Omar was still in many ways a regular kid. He loved Nintendo, the Bruce Willis movie Die Hard, and junk food. He played basketball and cricket in an alley with his brothers and friends from the local mosque. He could also be a cutup: His sister Zaynab told the National Post he often impersonated Captain Haddock, the stuttering character from the Belgian comic book series Tintin. “Buh-buh-billions of bl-bl-blistering bl-bl-blue barnacles!” he would say. “Ten thousand thuh-thuh-thundering typhoons.”

Around his father, Omar was different, always bowing his head as a show of respect.

By 1993, Ahmed had healed sufficiently to return with his family to Pakistan. Not long after arriving, the elder Khadr allegedly began plotting with Ayman al-Zawahiri, Osama bin Laden’s right-hand man, to blow up the Egyptian Embassy. The November 19, 1995, bombing killed 16 and wounded 60. Ahmed was arrested and sent to prison. He went on a hunger strike, protesting his innocence, and was transferred to a hospital in Islamabad. Omar, who was 9 years old at the time, didn’t leave his father’s side, often sleeping under the man’s bed on the concrete floor.

But the Canadian government lobbied for Ahmed’s release, and soon the family was living in Afghanistan with Osama bin Laden. Not yet 12 years old, Omar joined two of his older brothers at an Al-qaeda training camp, where they were taught to fire Kalashnikovs and build bombs. “[We learned] why we are fighting America … why being a suicide bomber is an honor, why it’s a right religiously,” Omar’s brother Abdurahman told CNN.

The Pentagon claims to have surveillance video that shows Omar planting a bomb on a road frequently traveled by U.S. troops. “That kid became radicalized,” says Khadr’s former imam. “It’s impossible to go through the experiences he went through and not be affected by them.”

When Khadr was captured in the July 2002 firefight that wounded Layne Morris, he was near death.

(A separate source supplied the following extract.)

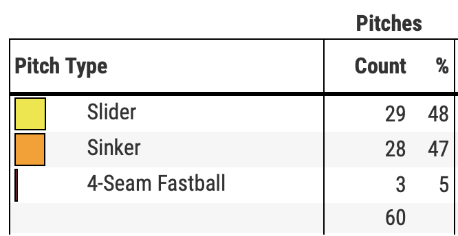 Singer threw 60 pitches before he was yanked in the third without retiring a batter in that inning. Of those 60, here’s the breakdown.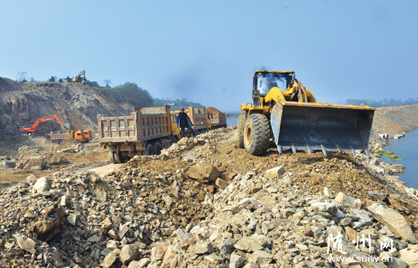随州网讯 随州高新区淅河镇“一河两岸”幸福村河堤大坝建设正抓紧施工,该工程完工后,将为当地居民提供新的休闲场地。(本报记者 孙洪涛 通讯员 王涛摄)

Medics rushed him to the Bagram Air Base in Afghanistan, and a few months later, he was dressed in an orange jumpsuit, hogtied, and placed on a C-130 transport headed for Guantánamo. He arrived shackled and hooded, unsure of where he was. “Welcome to Israel,” a guard told him.

From the air, Guantánamo
Bay is a shimmering body of water knifing toward a jagged ridge of bluish hills on the rugged southern coast of Cuba. The U.S. naval base is 45 square miles of unsettling paradoxes. For more than a century, since Teddy Roosevelt’s days, the United States has held this fortress under an indefinite lease in the dominion of its sworn enemy. The place served as a refueling station during World War II and a primary target during the Cuban Missile Crisis. In 1995, when Fidel Castro encouraged discontented Cubans to leave, thousands were warehoused here before entering the United States.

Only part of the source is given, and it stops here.